It was on 23 February, 2010, that Revelle Forum at the Neurosciences Institute in La Jolla, California, hosted a talk by Joel Kotkin. He had recently published The Next Hundred Million: America in 2050, and that was the subject of his talk.
Kotkin has very recently published The Coming of Neo-Feudalism, a warning to the global middle class, and there are several interesting recent interviews with him to be found on that subject, but this blog is about public speaking. Also I am keen to learn what he was projecting ten years ago.
There’s a double introduction: Dan Atkinson introduces Mary Walshok who in turn introduces Joel Kotkin, so we learn two layers of ethos before the main event even begins at 4:10.

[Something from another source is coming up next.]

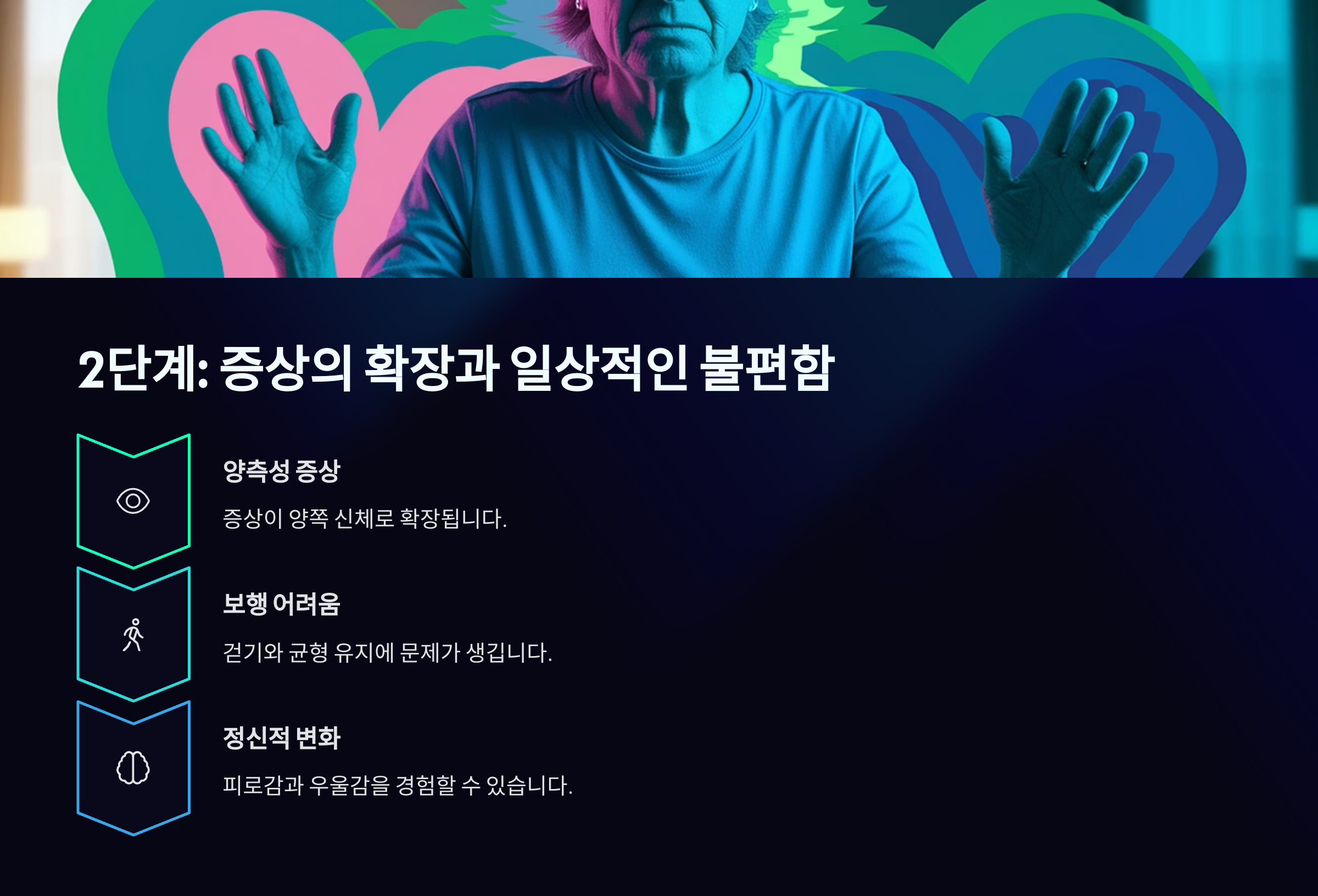 두 번째 단계에서는 증상이 양쪽 신체로 확장됩니다. 이는 운동 능력에 더 큰 영향을 미치고, 일상 활동을 수행하는 데 점차적으로 어려움을 겪게 됩니다. 예를 들어, 걷기나 균형을 유지하는 데 문제가 생기고, 손이나 팔의 떨림이 두드러지게 나타날 수 있습니다. 이 시기의 환자는 혼자서 일상적인 일을 처리하는 데 어려움을 느끼며, 직장이나 가정에서 더 많은 도움이 필요할 수 있습니다. 또한, 환자는 피로감과 우울감을 경험할 수 있으며, 이는 운동 능력뿐만 아니라 정신적인 상태에도 영향을 미칩니다.

Beginning to talk while still on the way to the lectern is a trick we’ve seen before on this blog (though it was a long time ago). Researching other speeches by Kotkin suggests to me that it may be a habit of his. It’s a good one, conveying a range of positive things like enthusiasm to get on with it, and it’s a neat device for relaxing the audience.
He leans on the lectern, and regularly looks down at it, but something tells me that this is a mannerism as distinct from his need to keep prompting himself by looking at whatever might be written there. If I am right, then he has nothing to concern him. Mannerisms are irrelevant unless they bother the audience, and they won’t do that if the talk is interesting enough. Within a short while even I am caught up in what he has to say, so it’s a non-problem. I am sure he’s shooting from the hip – and therefore in my eyes a proper speaker.
I stop making rhetor-style notes within five minutes of his starting, and simply sit and listen till he stops at 42:50. At that stage he swings into Q&A.
Even with the benefit of ten years of hindsight, I found this very interesting and well-delivered. It will be even more interesting in ten more years.